The single, persistent question with which viewers are often left after viewing Benjamin Christensen's 1922 film Häxan (The Witch) is, what is it? Part illustrated exploration of the history of witchcraft, part grisly horror film, part burlesque comedy and part condescending reappraisal of the ignorant past, Häxan is nothing if not utterly unique, a compelling oddity that still retains its often shocking effectiveness and, despite being left out of many conventional film histories, is one of the most artful and influential of all silent films.
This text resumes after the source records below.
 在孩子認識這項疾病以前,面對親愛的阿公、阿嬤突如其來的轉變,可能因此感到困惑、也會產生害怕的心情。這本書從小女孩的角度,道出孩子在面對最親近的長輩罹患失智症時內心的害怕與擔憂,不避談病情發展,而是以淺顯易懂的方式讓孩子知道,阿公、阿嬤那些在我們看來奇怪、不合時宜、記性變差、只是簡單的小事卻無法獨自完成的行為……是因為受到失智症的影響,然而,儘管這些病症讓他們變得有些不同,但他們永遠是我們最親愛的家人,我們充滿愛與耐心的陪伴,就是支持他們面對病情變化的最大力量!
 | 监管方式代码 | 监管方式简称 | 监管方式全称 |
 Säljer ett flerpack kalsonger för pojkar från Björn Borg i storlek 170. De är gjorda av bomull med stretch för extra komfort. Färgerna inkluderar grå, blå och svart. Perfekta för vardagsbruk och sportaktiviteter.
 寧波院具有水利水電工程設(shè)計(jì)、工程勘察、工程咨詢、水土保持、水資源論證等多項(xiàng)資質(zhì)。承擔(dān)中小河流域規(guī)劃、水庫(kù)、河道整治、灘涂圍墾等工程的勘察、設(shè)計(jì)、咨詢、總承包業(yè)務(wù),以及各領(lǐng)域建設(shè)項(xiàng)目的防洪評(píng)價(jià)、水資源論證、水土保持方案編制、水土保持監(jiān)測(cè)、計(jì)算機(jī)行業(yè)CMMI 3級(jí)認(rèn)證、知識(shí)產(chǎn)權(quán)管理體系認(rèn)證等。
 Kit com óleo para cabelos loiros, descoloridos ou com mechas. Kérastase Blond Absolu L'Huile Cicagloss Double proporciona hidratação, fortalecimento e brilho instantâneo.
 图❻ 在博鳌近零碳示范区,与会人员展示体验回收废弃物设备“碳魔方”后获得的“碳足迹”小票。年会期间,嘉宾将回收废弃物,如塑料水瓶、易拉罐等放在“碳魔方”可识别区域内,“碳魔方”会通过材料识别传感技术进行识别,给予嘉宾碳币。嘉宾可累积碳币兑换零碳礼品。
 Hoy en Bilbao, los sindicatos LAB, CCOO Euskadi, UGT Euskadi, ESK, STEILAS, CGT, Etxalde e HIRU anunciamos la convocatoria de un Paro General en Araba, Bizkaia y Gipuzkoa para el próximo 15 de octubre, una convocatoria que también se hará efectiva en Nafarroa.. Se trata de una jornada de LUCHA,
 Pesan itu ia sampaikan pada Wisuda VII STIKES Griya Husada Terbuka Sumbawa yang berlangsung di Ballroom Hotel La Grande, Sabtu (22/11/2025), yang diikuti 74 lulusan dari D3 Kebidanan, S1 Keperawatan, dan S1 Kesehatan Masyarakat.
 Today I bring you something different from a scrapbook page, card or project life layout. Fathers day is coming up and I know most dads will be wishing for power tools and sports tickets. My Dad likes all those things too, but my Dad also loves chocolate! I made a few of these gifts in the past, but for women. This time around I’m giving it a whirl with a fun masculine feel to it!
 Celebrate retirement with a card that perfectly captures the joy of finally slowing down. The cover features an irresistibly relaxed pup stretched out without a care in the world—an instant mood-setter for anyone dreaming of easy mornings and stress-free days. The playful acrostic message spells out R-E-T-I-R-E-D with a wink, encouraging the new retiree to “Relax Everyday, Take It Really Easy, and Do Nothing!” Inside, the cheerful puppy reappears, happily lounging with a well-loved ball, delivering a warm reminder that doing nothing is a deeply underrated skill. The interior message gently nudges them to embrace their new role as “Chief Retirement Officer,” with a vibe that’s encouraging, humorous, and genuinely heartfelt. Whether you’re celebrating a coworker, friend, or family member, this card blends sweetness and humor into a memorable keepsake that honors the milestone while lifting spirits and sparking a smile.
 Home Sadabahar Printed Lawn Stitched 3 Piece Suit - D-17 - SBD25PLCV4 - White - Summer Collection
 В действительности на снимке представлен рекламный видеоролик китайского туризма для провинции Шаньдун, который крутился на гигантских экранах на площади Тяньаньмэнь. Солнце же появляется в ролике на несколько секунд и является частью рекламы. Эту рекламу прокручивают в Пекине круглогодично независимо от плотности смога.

Modern audiences, raised on the idea that the gore and frank sexuality characterising horror films today were pioneered by Herschell Gordon Lewis, Mario Bava and George A Romero in the 1960s are often surprised to see Häxan's stark images of naked women under Satan's spell and a witch pulling a decaying, severed human hand from a bundle of sticks and snapping off a finger for a potion. For Christensen, there was no desire to leave anything to the imagination— he wanted it all up on the screen.
Often described as a combination horror-documentary, Häxan was far ahead of its time, as neither of those now-familiar film genres were part of the cinematic lexicon when it debuted. It premiered in Stockholm, Sweden on 18 September 1922, the same year that saw the release of Robert Flaherty's Nanook of the North, generally considered the first feature-length documentary, and FW Murnau's Nosferatu: Eine Symphonie des Grauens (Nosferatu: A Symphony of Horrors), one of the most important forerunners of the modern horror film.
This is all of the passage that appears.